Februari 2018
Aku mematut diri di depan cermin yang ada kamar. Kutatap pantulan diriku. Aku memakai dress hitam selutut dengan gaya feminim, rambut kubiarkan tergerai bebas. Aku menaburkan sedikit bedak di wajahku, dan terakhir, kugoleskan sedikit liptint di bibir.
"Kenapa aku berdandan seperti ini? Aku kan hanya menghadiri pesta?" gumamku.
Tadi pagi aku sudah izin Mama agar diperbolehkan menghadiri pesta temanku, dan Mama mengizinkannya, asalkan tidak pulang terlalu malam.
Aku melirik bingkisan kado yang ada di atas ranjang. Tadi sepulang sekolah, aku mampir untuk beli kado. Dan kuputuskan untuk membeli jam beker Doraemon.
Aku tahu hadiah itu terlalu kekanakan untuk Ailan, tetapi aku tidak tahu lagi harus memberi apa. Jadi, kurasa jam itu cocok untuk Ailan.
Ponselku berdering. Aku mengambil ponsel yang terletak di atas nakas.
Si bocah Ailan memanggil ...
Aku menekan tombol hijau dan mendekatkan ponsel di dekat telinga.
"Cepat keluar rumah, aku sudah di depan rumahmu," ucap Ailan.

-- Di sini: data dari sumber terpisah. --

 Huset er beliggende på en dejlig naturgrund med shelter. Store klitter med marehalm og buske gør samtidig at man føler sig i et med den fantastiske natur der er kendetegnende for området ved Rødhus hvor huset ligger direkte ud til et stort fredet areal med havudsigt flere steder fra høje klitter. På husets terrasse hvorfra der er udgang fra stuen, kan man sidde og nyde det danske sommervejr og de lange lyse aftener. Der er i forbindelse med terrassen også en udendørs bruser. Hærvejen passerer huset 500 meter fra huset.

"What? Kau sudah sampai?" tanyaku terkejut. "Oke-oke, aku ke sana."
Aku membuka pintu rumah setelah izin Mama kalau aku akan berangkat. Di depan rumahku sudah ada Ailan yang duduk di motornya.

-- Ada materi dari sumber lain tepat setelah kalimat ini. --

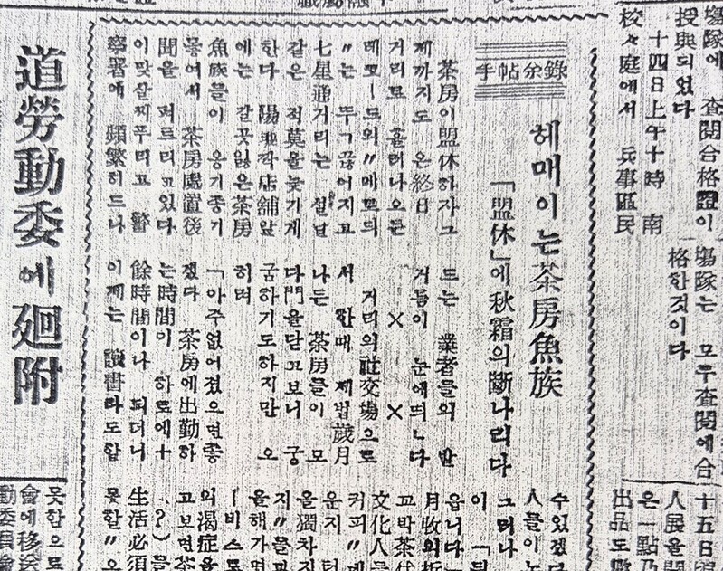 그렇다면 1955년 3월 15일자 '헤메이는 다방어족' 기사에서 왜 다방이 동맹 휴업에 들어간 것일까.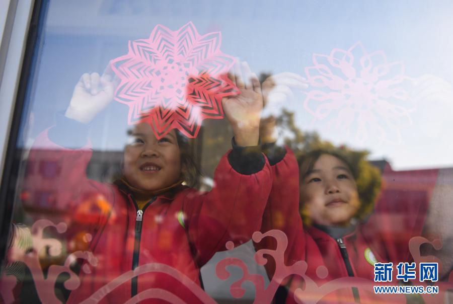 1月20日,长兴县李家巷镇中心幼儿园的孩子们在贴迎春窗花。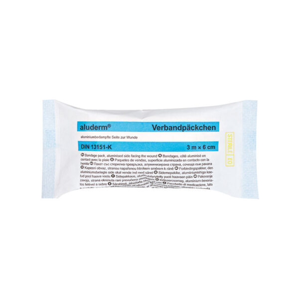 Im Lieferumfang enthalten ist ein steriles Aluderm Verbandpäckchen DIN 13151, bestehend aus einer aluminisierten Wundauflage und einer elastischen Fixierbinde. Alle Komponenten sind hygienisch verpackt und sofort einsatzbereit.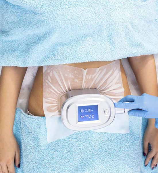- Elimina las células adiposas mediante el enfriamiento y con una aplicación superficial.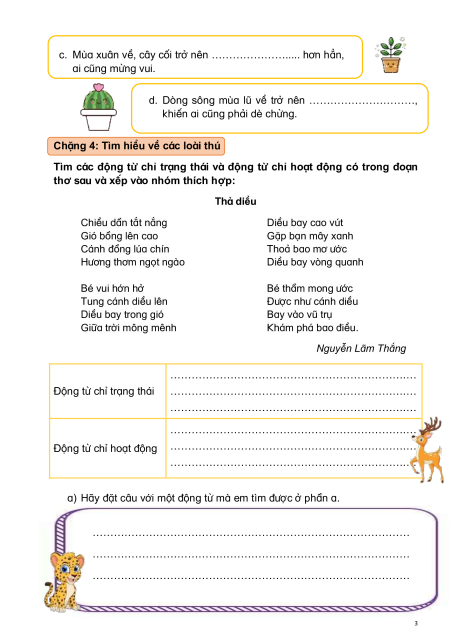 a) Hãy đặt câu với một động từ mà em tìm được ở phần a.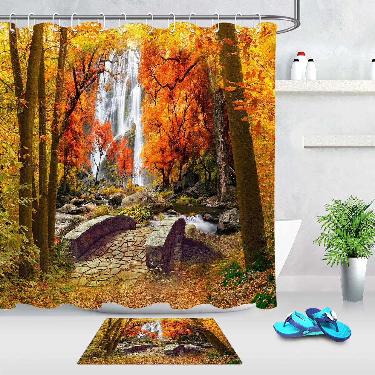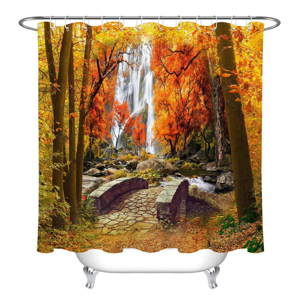Autumn Forest Waterfall Shower Curtain – Natural Scenery for Rustic Bathroom Decor
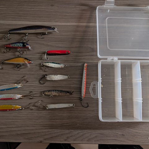 slukbokser med assorterte sluker. Inneholder ulike typer sluk i forskjellige farger og størrelser. Egnet til fiske etter ulike arter, for eksempel i ferskvann eller saltvann avhengig av type sluk. Slukene har monterte treblekroker. Boksene gir oversiktlig oppbevaring og enkel transport av fiskeutstyret.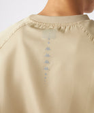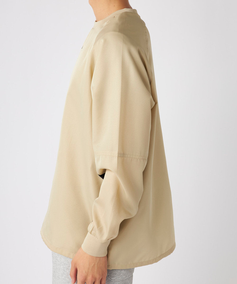 胸元のシンプルなオミニロゴがポイントのナイロンピステです。撥水のため、雨の日のランニングや、防寒対策にオススメです。
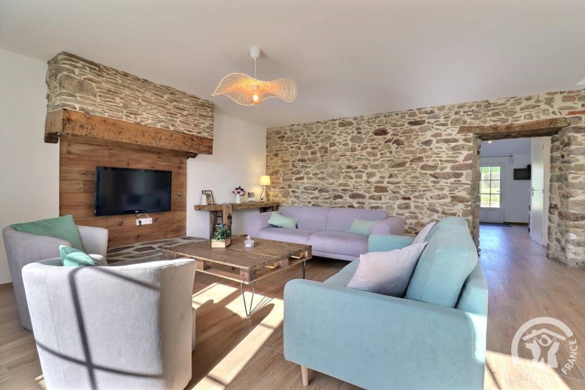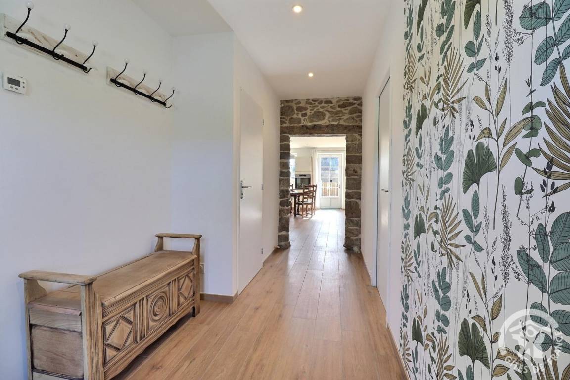 Dieses Cottage, in dem Authentizität und Eleganz aufeinandertreffen, empfängt Sie dank seiner freiliegenden Balken und Steine, die jedem Raum einen Hauch von Charakter verleihen, in einer warmen Atmosphäre.

"Tumben kau tampak cantik, Falyn," ucap Ailan.
Aku cemberut. "Jadi biasanya jelek gitu?"
"Iya, jelek. Banget. Apalagi saat marah," jawab Ailan lantas tertawa lepas.
Tangan Ailan terulur, lantas dengan gerakan lembut dia mengelus rambutku. Aku sedikit tersentak.
Senyum terpatri di wajah Ailan membuat hatiku menghangat.
"Sudah, jangan cemberut lagi, nanti cantiknya hilang," ucap Ailan.
Pipiku memerah. Aku menggeleng, sudah cukup! Ailan tidak boleh mempermainkan perasaanku!
Aku menoyor kepala Ailan, tidak terlalu keras tetapi membuat dia terkejut. "Udah deh jangan sok romantis-romantisan, ayo nanti terlambat."
Ailan tertawa. "Falyn yang galak telah kembali."
Aku mengacamnya akan memberi bogeman kalau saja Ailan masih menggodaku.
"Oke-oke, aku diam. Sekarang ayo naik, nih helmnya." Ailan menyerahkan helm bergambar Doraemon padaku. "Selain ada hati yang harus kau jaga, kepalamu juga harus kau jaga."
Aku yang sudah duduk di boncengan Ailan, refleks menyolek pinggang Ailan, membuat pemuda itu menggeliat seperti ulat. Ailan itu tidak tahan geli.
"Bilang hal nggak masuk akal lagi, kutendang kau ke sungai," ancamku.
Tentu saja ancamanku tadi hanya main-main. Tenangaku tidak akan kuat kalau menendang Ailan, yang ada malah dia yang akan memegangi kakiku dan melemparku duluan ke sungai.
"Di sini kan nggak ada sungai," ujar Ailan sembari mulai menjalankan motornya. "Ingat jalan ke rumahku Falyn, suatu saat kau mungkin ingin ke rumahku lagi."
"Untuk apa aku ke rumahmu?"
"Rindu Ailan, mungkin," jawab Ailan sembari mengedikkan bahu.
***
"Akhirnya pemain utamanya datang!"
"Hei! Ailan datang!"
Seruan itu kudengar saat Ailan membuka pintu rumahnya. Aku masih berdiri di ambang pintu, takut-takut untuk masuk.
"Ailan ini, dia yang ulang tahun malah menghilang." Seorang pemuda tiba-tiba muncul di depan Ailan. "Eh, Falyn sudah datang?"
Aku mengerutkan dahi, sepertinya aku mengenal pemuda itu. "Rudi?"
Rudi, anak kelas IPA 1, yang juga anak basket. Aku menduga kalau Deny dan Alfa pasti juga datang, mengingat ketiganya orang yang aku tahu paling dekat dengan Ailan saat di sekolah.